Question

The normal boiling of water is $ 373K $ (at $ 760mm $ ). Vapour pressure of water at $ 298K $ is $ 23mm. $ If enthalpy of vaporization is $ 40.656kJmo{{l}^{-1}} $ the boiling point of water at $ 23mm $ atmospheric pressure will be:
(A) $ 250K $
(B) $ 294K $
(C) $ 51.6K $
(D) $ 12.5K $

Answer 1

Hint: We know that the melting point is the temperature at which the solid and the liquid forms of a pure substance can exist in equilibrium, that is, they are equal. If heat is applied to any solid, its temperature will rise until it hits its melting point. More heat will convert the solid into the liquid. At this point, temperature will remain unchanged.

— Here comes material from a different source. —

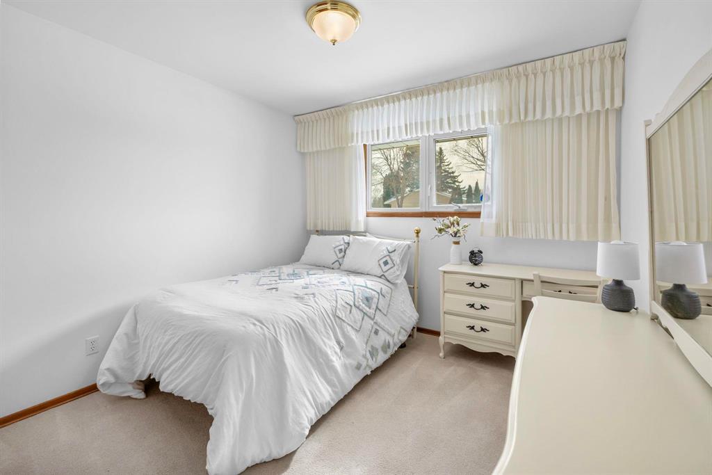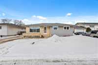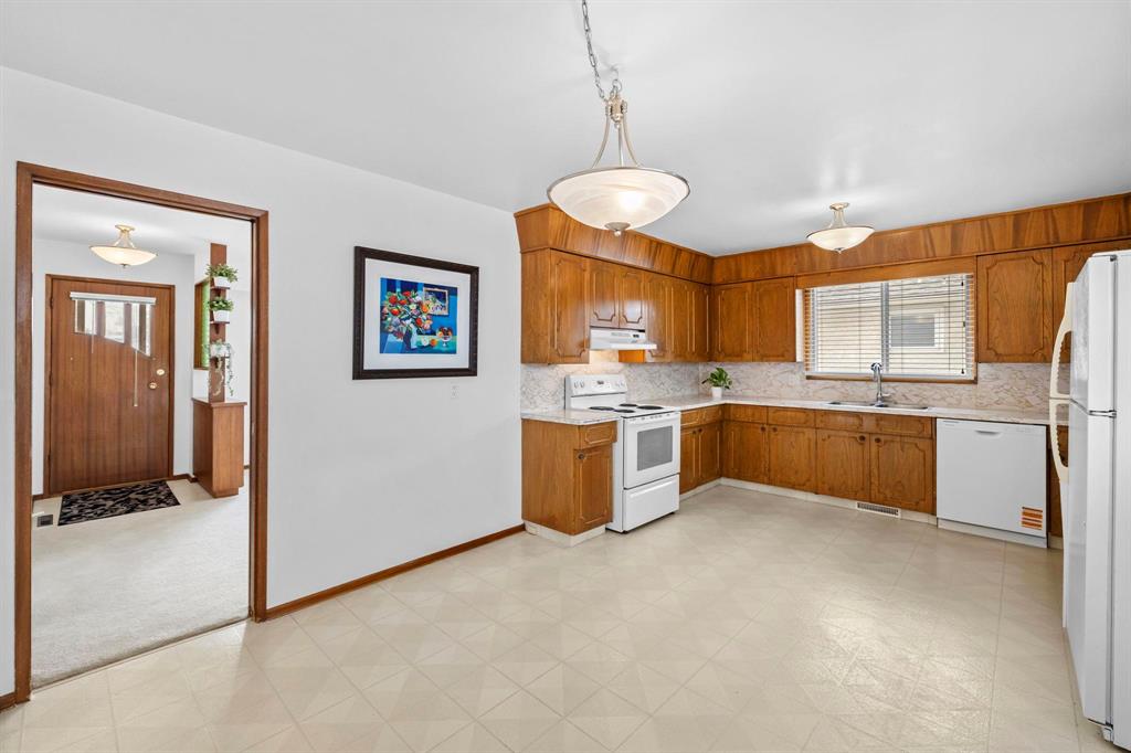 S/S Wed. Mar. 25, offers presented Tues. Mar. 31 after 6 pm. Mint condition & impeccably maintained, this straight & solid bungalow in the Maples is the perfect family home, ideally located close to schools, parks, community centre & public transit. The expansive eat-in kitchen offers plenty of counter space & cabinetry, along with a newer dishwasher, making it both functional & inviting. A bright living room w/carpeting provides a comfortable space to relax, while a pocket door leads to the hallway & three main floor bedrooms, all with hardwood floors beneath the carpet. A 4-piece bath completes the main level. The finished basement adds excellent living space with a games area, spacious rec room w/custom dry bar, a fourth bedroom or office & a large laundry room w/convenient 2-piece bath & abundant storage. Outside, enjoy the large yard with patio...perfect for entertaining or family time. Notable updates include house & garage shingles (2021-2020), HEF (2018), HWT (2016), as well as updated windows, eaves, soffits & fascia. Additional features include central air conditioning and sump pump. Oversize double detached garage with extended driveway. Outstanding value & move-in ready!
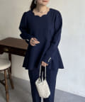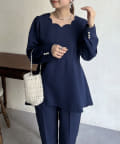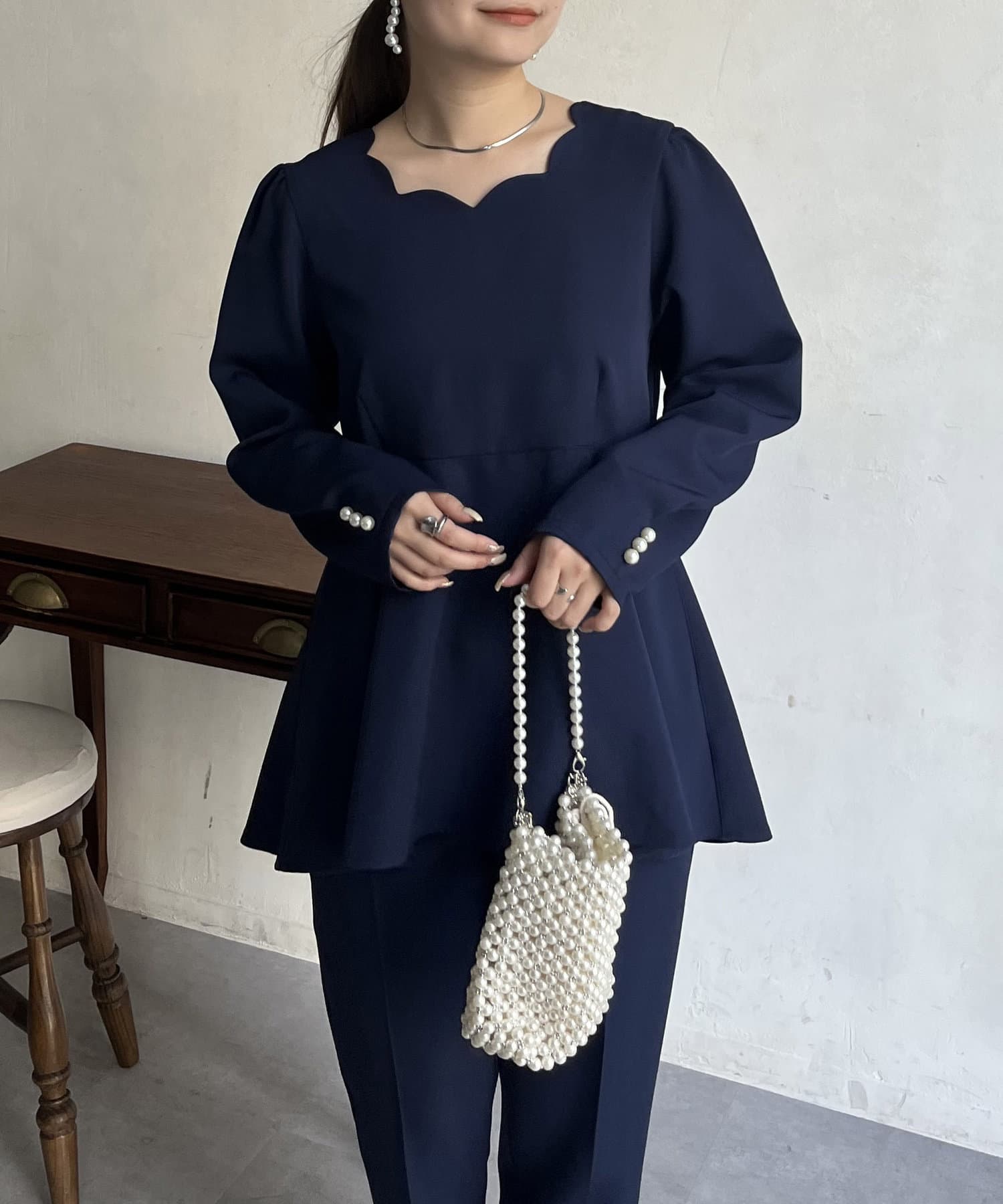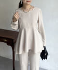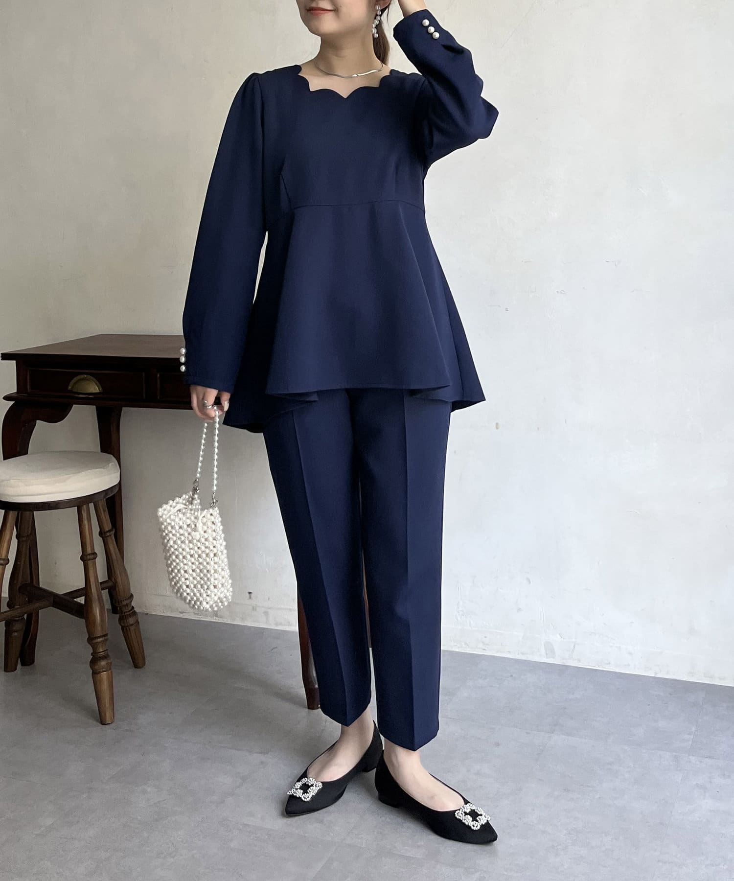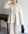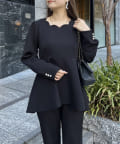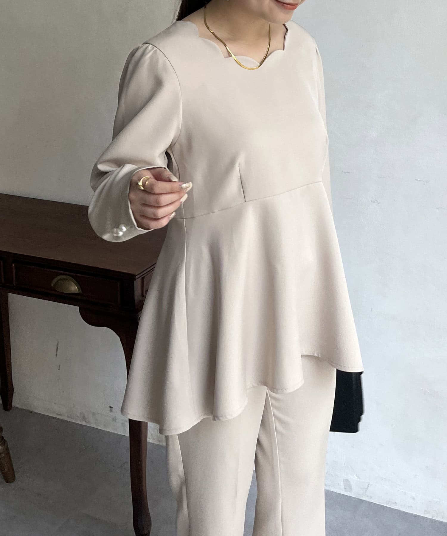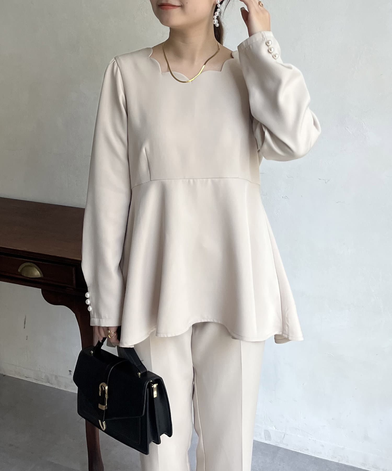 【セットアップ着用可能】袖パールスカラップネックペプラムブラウス

Complete step by step solution:
The term boiling point can be defined as the temperature at which the external pressure exerted on a liquid is equal to the pressure exerted by the vapour of the liquid. The boiling point of water at normal atmospheric pressure is $ 212{}^\circ F $ . Addition of the heat further results in the transformation of the liquid into its vapour.
 At this point, the temperature does not increase. At any given temperature, some part of the liquid vaporizes into the space above it until the pressure exerted by the vapour reaches a certain value. This characteristic value is termed as the vapour pressure of the liquid at the given temperature. If the temperature is raised, the vapour pressure increases consequently. At the boiling point, the bubbles of the vapour form within the liquid.
They then rise to the surface of the liquid. The boiling point of a liquid depends upon the pressure applied. At sea level, the water boils at a temperature of $ 100{}^\circ C $ , that is, $ 212{}^\circ F $ . If the height is increased, the temperature of the boiling point reduces. Therefore, the boiling point of water at normal atmospheric pressure is $ 100{}^\circ C $
But by clausius clapeyron equation:
 $ \ln \dfrac{{{P}_{2}}}{{{P}_{1}}}=\dfrac{\Delta H}{R}\left[ \dfrac{1}{{{T}_{1}}}-\dfrac{1}{{{T}_{2}}} \right] $ Substituting the values we get the value for $ {{T}_{1}} $ i.e. boiling point temperature,
  $ \ln \dfrac{760}{23}=\dfrac{40656}{8.314}\left[ \dfrac{1}{{{T}_{1}}}-\dfrac{1}{373} \right] $
 $ \Rightarrow {{T}_{1}}=293.98\approx 294K $
Thus correct answer is option B i.e. $ 294K $ .

Note:
Students get confused between the melting point and the boiling point. They must know that the melting point is the temperature at which solid and liquid phases are at equilibrium. On the other hand, the boiling point is the temperature at which the vapour pressure of a liquid is equal to the external pressure.